WORK TO COMPLETE:
The result should be an exact copy of only the lines from the one with "- ^ Sources" through the last line of the data below, with pictures omitted.
(DATA SHOWN begins)
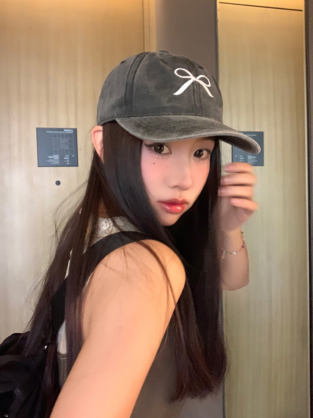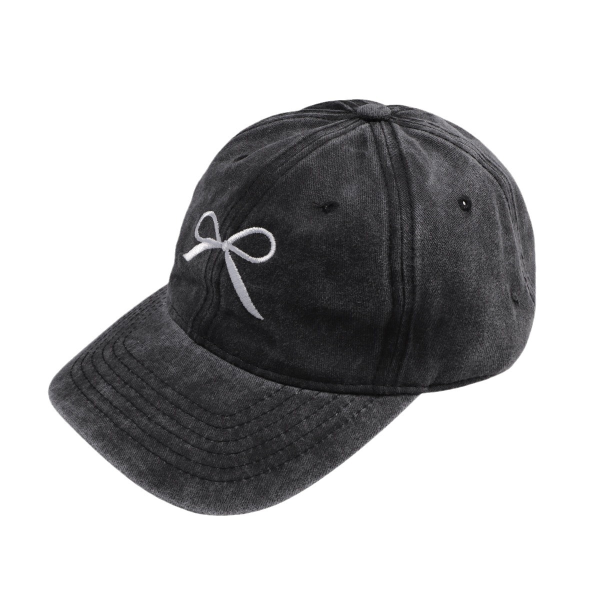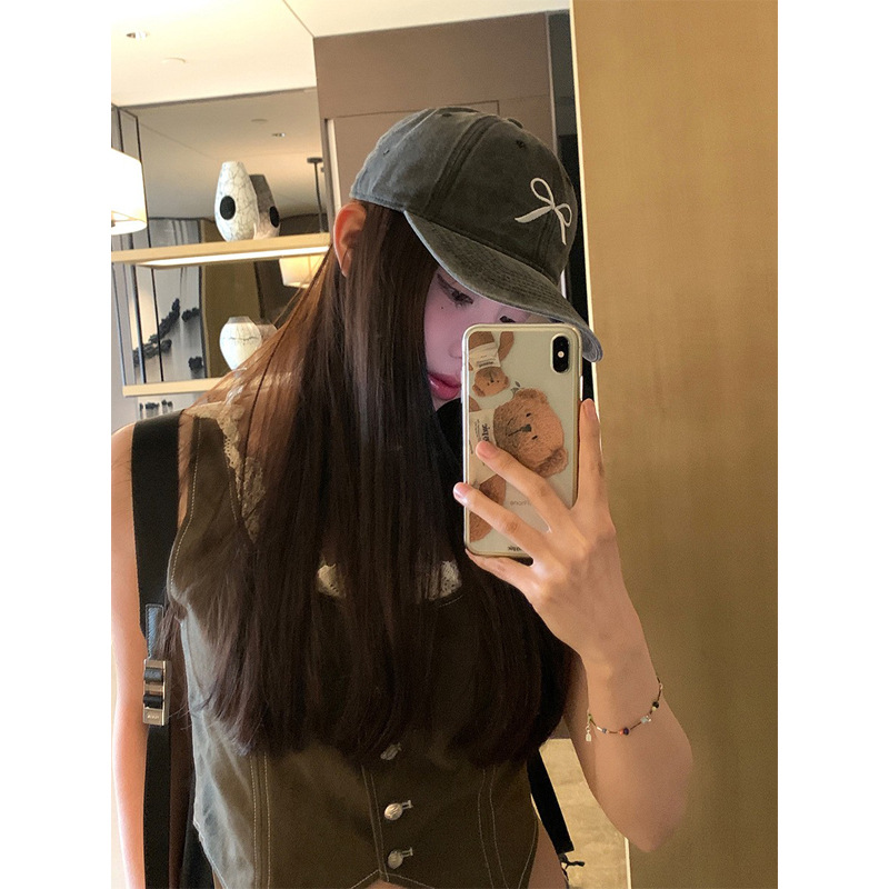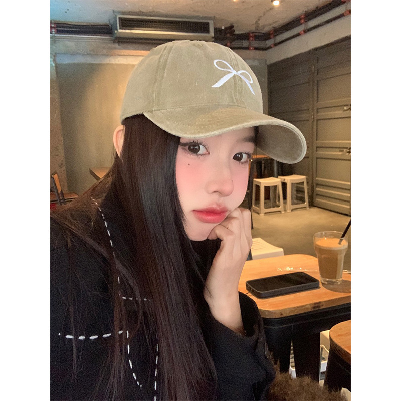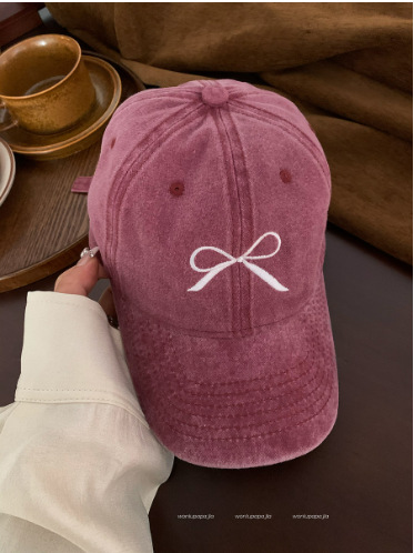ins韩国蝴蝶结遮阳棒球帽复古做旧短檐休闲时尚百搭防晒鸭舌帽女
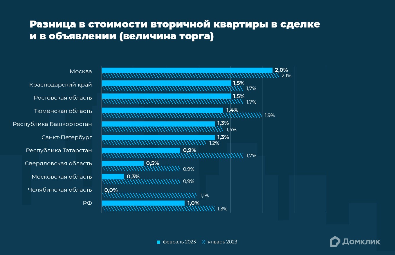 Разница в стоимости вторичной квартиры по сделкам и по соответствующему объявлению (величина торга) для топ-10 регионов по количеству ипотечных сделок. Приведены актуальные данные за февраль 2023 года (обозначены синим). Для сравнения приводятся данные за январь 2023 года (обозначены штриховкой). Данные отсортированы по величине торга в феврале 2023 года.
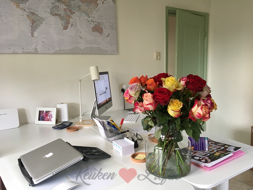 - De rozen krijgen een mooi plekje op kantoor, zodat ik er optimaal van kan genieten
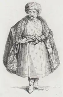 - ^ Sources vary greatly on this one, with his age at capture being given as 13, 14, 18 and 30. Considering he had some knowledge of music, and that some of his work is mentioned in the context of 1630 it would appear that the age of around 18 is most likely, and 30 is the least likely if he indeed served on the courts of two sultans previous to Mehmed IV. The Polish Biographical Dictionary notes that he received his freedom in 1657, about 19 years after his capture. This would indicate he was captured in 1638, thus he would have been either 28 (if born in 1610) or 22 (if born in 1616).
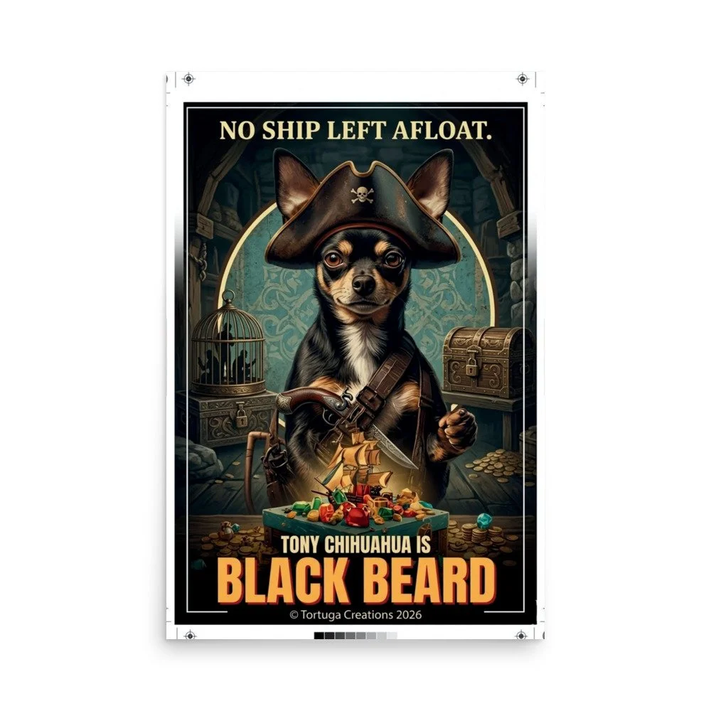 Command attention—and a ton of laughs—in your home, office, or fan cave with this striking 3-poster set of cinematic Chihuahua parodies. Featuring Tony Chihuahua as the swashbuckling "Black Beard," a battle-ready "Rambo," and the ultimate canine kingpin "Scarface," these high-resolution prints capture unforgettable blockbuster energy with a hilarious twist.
(DATA SHOWN ends)
WRITTEN ANSWER:
 - ^ Sources vary greatly on this one, with his age at capture being given as 13, 14, 18 and 30. Considering he had some knowledge of music, and that some of his work is mentioned in the context of 1630 it would appear that the age of around 18 is most likely, and 30 is the least likely if he indeed served on the courts of two sultans previous to Mehmed IV. The Polish Biographical Dictionary notes that he received his freedom in 1657, about 19 years after his capture. This would indicate he was captured in 1638, thus he would have been either 28 (if born in 1610) or 22 (if born in 1616).
 Command attention—and a ton of laughs—in your home, office, or fan cave with this striking 3-poster set of cinematic Chihuahua parodies. Featuring Tony Chihuahua as the swashbuckling "Black Beard," a battle-ready "Rambo," and the ultimate canine kingpin "Scarface," these high-resolution prints capture unforgettable blockbuster energy with a hilarious twist.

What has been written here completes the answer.